In the realm of differential equations, an "exact differential equation" is a specific type of equation that bears a special relationship between its component functions.
To represent this formally, consider an equation of the form \( M(x, y) \, dx + N(x, y) \, dy = 0 \). For this differential equation to be exact, a certain condition must be met.
This condition is: the partial derivative of \( M \) with respect to \( y \) must equal the partial derivative of \( N \) with respect to \( x \). When this alignment occurs, the equation can often be solved by finding a potential function \( \Phi(x, y) \) such that \( d\Phi = M \, dx + N \, dy \).
Unfortunately, as demonstrated in the original exercise, our given differential equation lacks this exactness. The partial derivatives do not align, indicating we need other techniques, such as trying potential solutions, to solve the problem. Identifying exactness is crucial in determining the easiest pathway to a solution.

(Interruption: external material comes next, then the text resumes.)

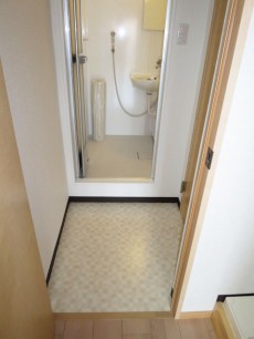 廊下から玄関扉側を見るとこのような雰囲気です。玄関扉は以前に新しく取り換えられているようで、昭和40年代の香りはしません(笑)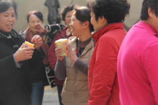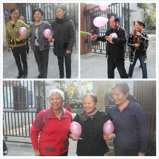 “嘭”!气球爆了,大妈们着急催旁边儿的社工小妹赶紧给补上,生怕耽搁了时间!“等到,我来个”,车大爷从人群中窜出来,一股脑儿从社工小陈手中夺过两气球,和两大妈凑成一组,麻溜儿地在第一轮游戏中以12秒04分夺得冠军。旁边大妈组甚是不服,要求重跑一次,结果以10秒的好成绩打破当场记录,为此社工特意颁发了奖品以示鼓励与祝贺!

Partial derivatives are essential in multivariable calculus. They involve taking the derivative of a function with several variables while holding other variables constant.
In our differential equation, computing partial derivatives helps test for exactness.
Here's a quick recap: To compute the partial derivative of a function like \( M(x, y) \) with respect to \( y \), differentiate while keeping \( x \) constant. The same logic applies when finding \( \frac{\partial N}{\partial x} \)—treat \( y \) as a constant.

• For \( M(x, y) = \frac{y + \sin x \cos^2(xy)}{\cos^2(xy)} \), the partial derivative with respect to \( y \) involves the chain rule due to composite functions within it.
• Similarly, \( \frac{\partial N}{\partial x} \) uses the same process on \( N(x, y) = \frac{x}{\cos^2(xy)} + \sin y \).

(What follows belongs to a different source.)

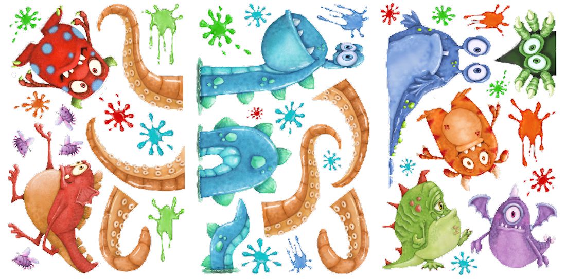 Transform walls into a cute wonderland with monsters with our Monster Splat Peel and Stick Wall Decals.

These derivatives guide us by confirming whether the differential equation is exact or not. However, they also serve another purpose: simplifying and verifying potential solutions.

Upon realizing the given differential equation isn't exact, the next logical step is solution verification. This approach requires testing proposed solutions to verify if they satisfy the original differential equation.
Let's break down how this is done.
Take the solution option \( \tan(xy) + \cos x + \cos y = c \) (Option C). Here, you would substitute this expression into the original differential equation.

• Define \( z = xy \).
• Calculate \( \frac{\partial z}{\partial x} = y \) and \( \frac{\partial z}{\partial y} = x \), illustrating their roles in differentiating the solution.

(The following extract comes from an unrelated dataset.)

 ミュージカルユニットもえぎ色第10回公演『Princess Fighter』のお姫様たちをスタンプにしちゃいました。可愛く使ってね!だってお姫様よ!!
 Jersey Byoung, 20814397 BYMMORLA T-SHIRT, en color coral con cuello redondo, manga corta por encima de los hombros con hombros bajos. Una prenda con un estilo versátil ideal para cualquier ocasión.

Each side is then differentiated with respect to \( x \) and \( y \), ensuring all components fit the equation. The goal is that, upon simplification, both expressions should satisfy the original differential equation completely, indicating a correct and valid solution. Ultimately, substituting and checking these solutions often brings clarity to equations where initial methods fail.
This trial-and-error method of checking potential solutions is pragmatic and sometimes necessary for complex problems.